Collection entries
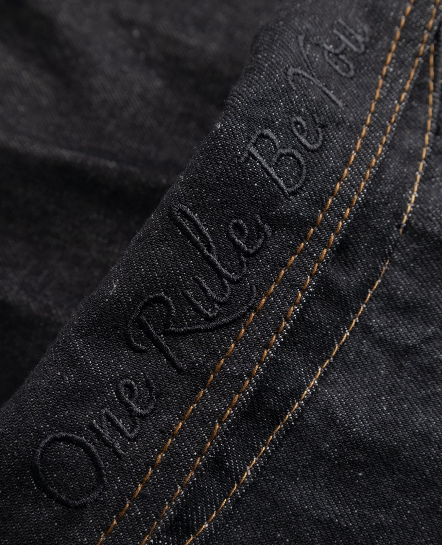The signature 4-pocket construction defines the jacket’s BSAT identity, while the red Blazed Up contrast details cut sharply against the black denim for a powerful visual expression. Finished with premium stitching and a clean silhouette that pairs perfectly with the matching jeans – or holds its own as a statement piece.
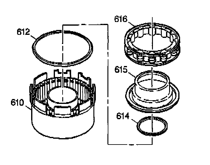7. Remove the inner and outer seals (614, 612) from the direct clutch piston (615).
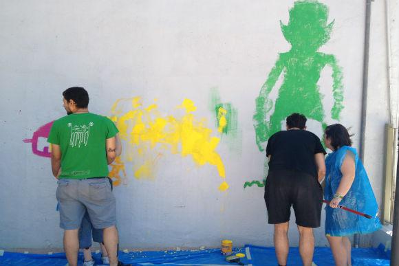 Εκεί στην ολοκαίνουργια παιδική χαρά που εγκαινίασε ο Δήμος Θεσσαλονίκης αυτή την εβδομάδα, αναλάβαμε με την άδεια των κατοίκων της παρακείμενης οικοδομής να μεταμορφώσουμε το σόκορο της πολυκατοικίας. Αρωγός μας σε αυτή τη δράση δεν ήταν επαγγελματίες muralists αλλά τα παιδιά του Συλλόγου Γονέων, Κηδεμόνων και Φίλων ΑΜΕΑ της Επαρχίας Λαγκαδά “ΑΝΟΙΞΗ”, ενός συλλόγου που δουλεύει επίμονα χρόνια τώρα με τα παιδιά αυτά σε δεκάδες διαφορετικές δράσεις και δραστηριότητες όπως ο χορός, η γυμναστική, το κολύμπι, οι κατασκευές, η κοινωνικοποίηση και ο εθελοντισμός, κόντρα στην περιθωριοποίηση και τον αποκλεισμό.
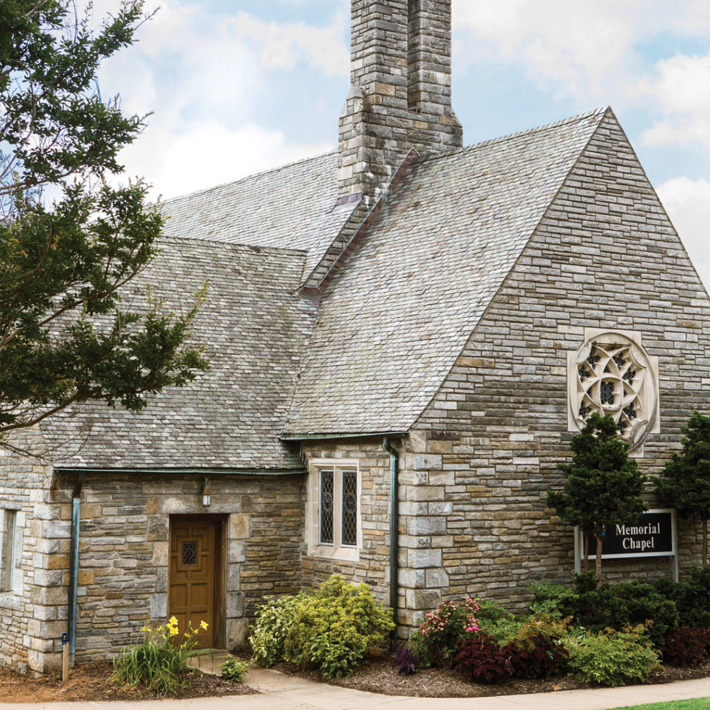 Near the water’s edge, a pair of historic gathering places stand side by side. In the 1940s, local Methodist churches were asked to help fund the building of Memorial Chapel by sending in the names of parishioners who’d served in the armed forces, along with a dollar for each name. More than 90,000 names were received (though not quite that many dollars).
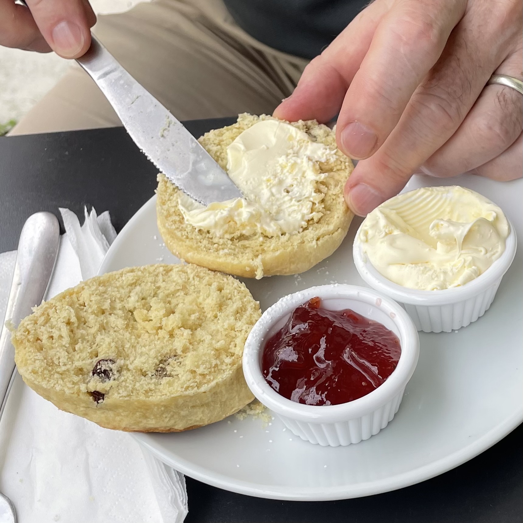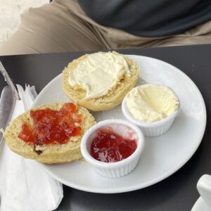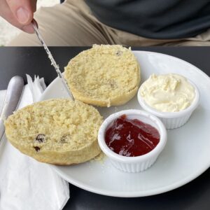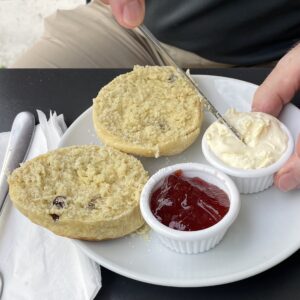 It turns out that Sid’s time at Exeter University has led him into bad ways. Although (I hope my Cornish friends/forefathers are not reading this) as Doris initially watches the progress of the knife with horror, it does look nicer with cream first.
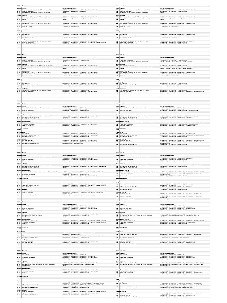 These spreadsheets are based off of an interpretation of his work and are not officially endorsed or associated with him in any way. For example you might do triples in the snatch clean and jerk on week 1 doubles on week 2 and singles on week 3 increasing the weight by 5. Building a basic level of fitness is key for long-term growth and injury.
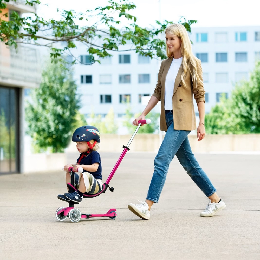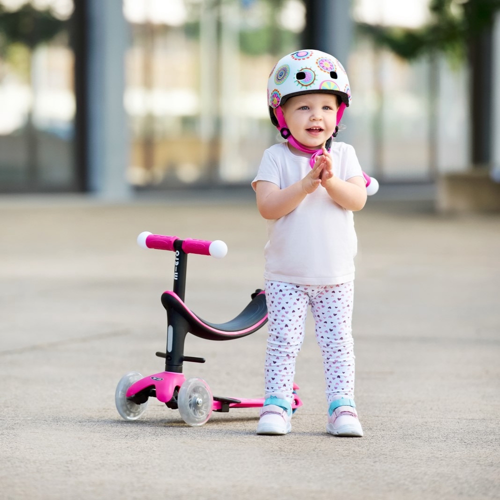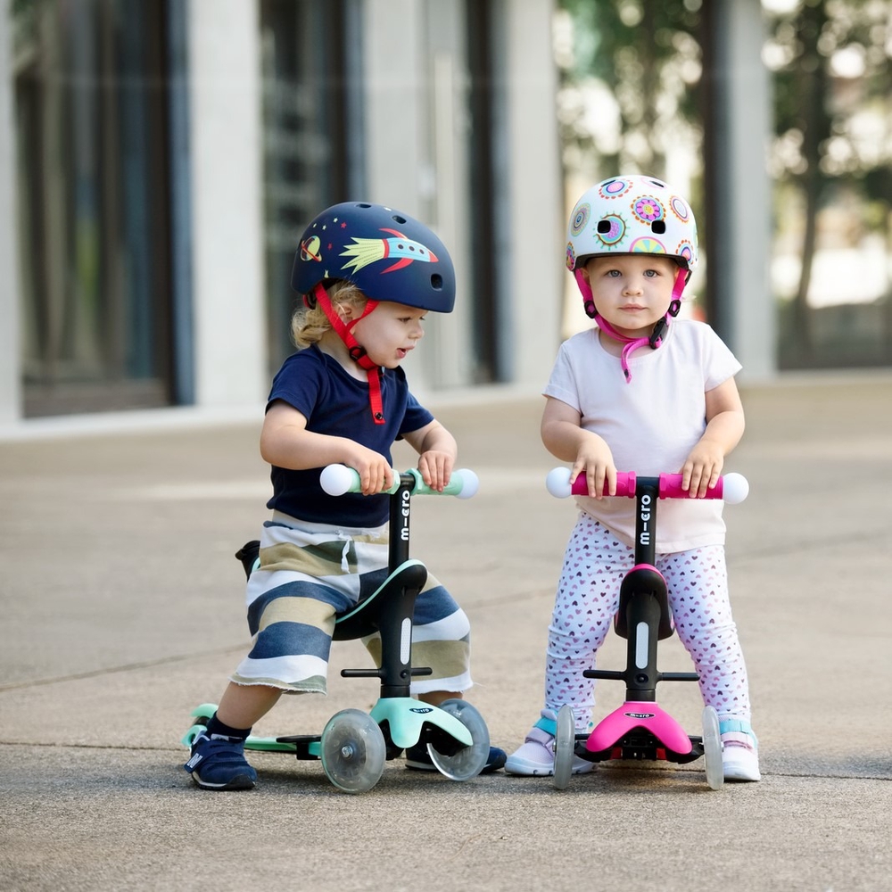 The Micro Mini2Grow Deluxe Magic LED balance bike is an upgraded version of the Mini Deluxe model, suitable for children from 12 months to 6 years of age. This multifunctional ergonomic scooter grows with your child, serving as a vehicle for younger children with a seat, footrests, and a push bar controlled by parents. later, without the push bar, it becomes a balance bike, and finally, all accessories can be removed and the balance bike becomes a sparkling version with Micro Mini Deluxe LED lights on the wheels and handles. With this scooter, you'll shine as brightly as a star! The scooter encourages children to get out into the fresh air, helping to develop their balance, coordination, and motor skills. Micro Mini scooters have been developed in collaboration with Swiss medical professionals, specifically with the development of preschool children in mind.
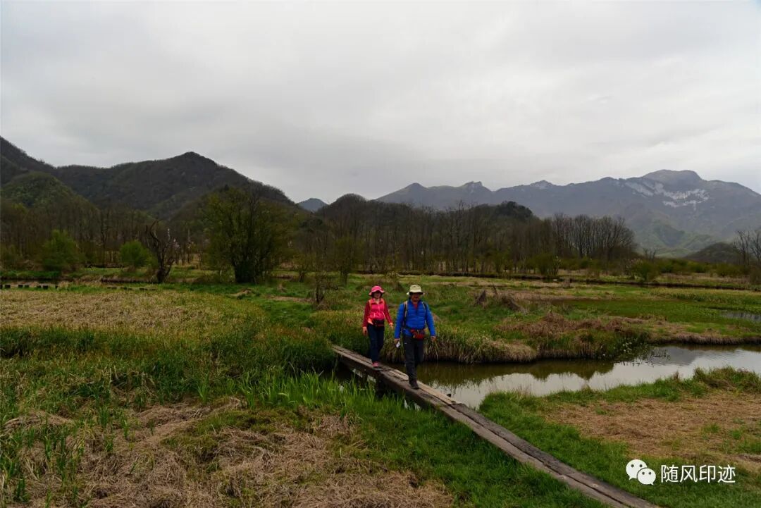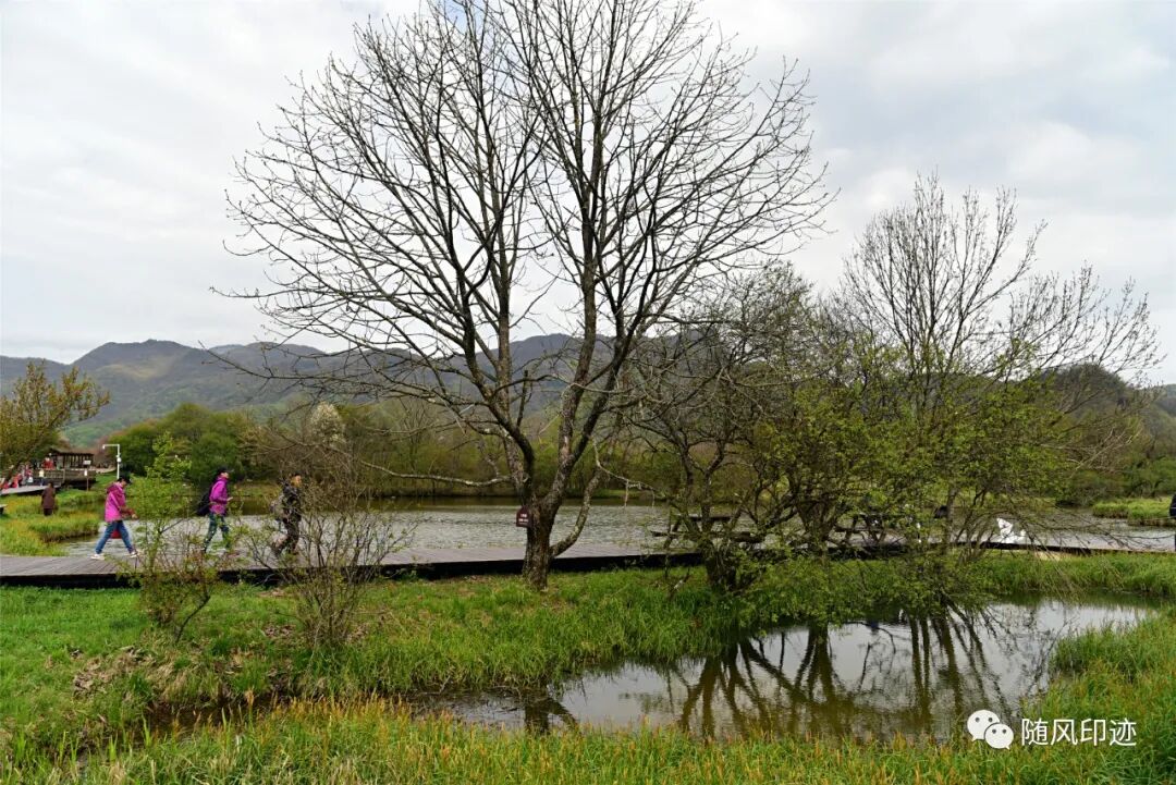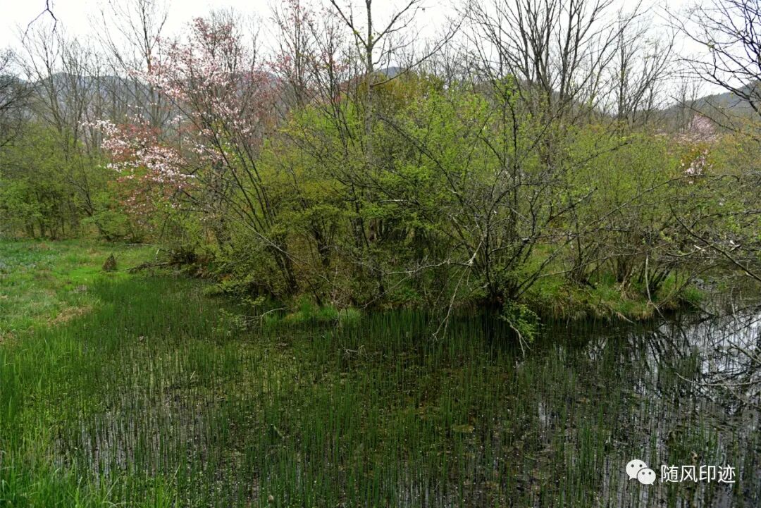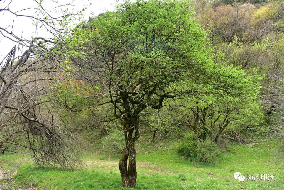 湿地边缘靠山处有不少数百年树龄的湖北海棠。

**ABOUT THIS TASK:** Your copy of the entries must be exact and must contain no pictures.

**ANSWER SECTION:**
The signature 4-pocket construction defines the jacket’s BSAT identity, while the red Blazed Up contrast details cut sharply against the black denim for a powerful visual expression. Finished with premium stitching and a clean silhouette that pairs perfectly with the matching jeans – or holds its own as a statement piece.
7. Remove the inner and outer seals (614, 612) from the direct clutch piston (615).
 Εκεί στην ολοκαίνουργια παιδική χαρά που εγκαινίασε ο Δήμος Θεσσαλονίκης αυτή την εβδομάδα, αναλάβαμε με την άδεια των κατοίκων της παρακείμενης οικοδομής να μεταμορφώσουμε το σόκορο της πολυκατοικίας. Αρωγός μας σε αυτή τη δράση δεν ήταν επαγγελματίες muralists αλλά τα παιδιά του Συλλόγου Γονέων, Κηδεμόνων και Φίλων ΑΜΕΑ της Επαρχίας Λαγκαδά “ΑΝΟΙΞΗ”, ενός συλλόγου που δουλεύει επίμονα χρόνια τώρα με τα παιδιά αυτά σε δεκάδες διαφορετικές δράσεις και δραστηριότητες όπως ο χορός, η γυμναστική, το κολύμπι, οι κατασκευές, η κοινωνικοποίηση και ο εθελοντισμός, κόντρα στην περιθωριοποίηση και τον αποκλεισμό.
 Near the water’s edge, a pair of historic gathering places stand side by side. In the 1940s, local Methodist churches were asked to help fund the building of Memorial Chapel by sending in the names of parishioners who’d served in the armed forces, along with a dollar for each name. More than 90,000 names were received (though not quite that many dollars).
 It turns out that Sid’s time at Exeter University has led him into bad ways. Although (I hope my Cornish friends/forefathers are not reading this) as Doris initially watches the progress of the knife with horror, it does look nicer with cream first.
 These spreadsheets are based off of an interpretation of his work and are not officially endorsed or associated with him in any way. For example you might do triples in the snatch clean and jerk on week 1 doubles on week 2 and singles on week 3 increasing the weight by 5. Building a basic level of fitness is key for long-term growth and injury.
 The Micro Mini2Grow Deluxe Magic LED balance bike is an upgraded version of the Mini Deluxe model, suitable for children from 12 months to 6 years of age. This multifunctional ergonomic scooter grows with your child, serving as a vehicle for younger children with a seat, footrests, and a push bar controlled by parents. later, without the push bar, it becomes a balance bike, and finally, all accessories can be removed and the balance bike becomes a sparkling version with Micro Mini Deluxe LED lights on the wheels and handles. With this scooter, you'll shine as brightly as a star! The scooter encourages children to get out into the fresh air, helping to develop their balance, coordination, and motor skills. Micro Mini scooters have been developed in collaboration with Swiss medical professionals, specifically with the development of preschool children in mind.
 湿地边缘靠山处有不少数百年树龄的湖北海棠。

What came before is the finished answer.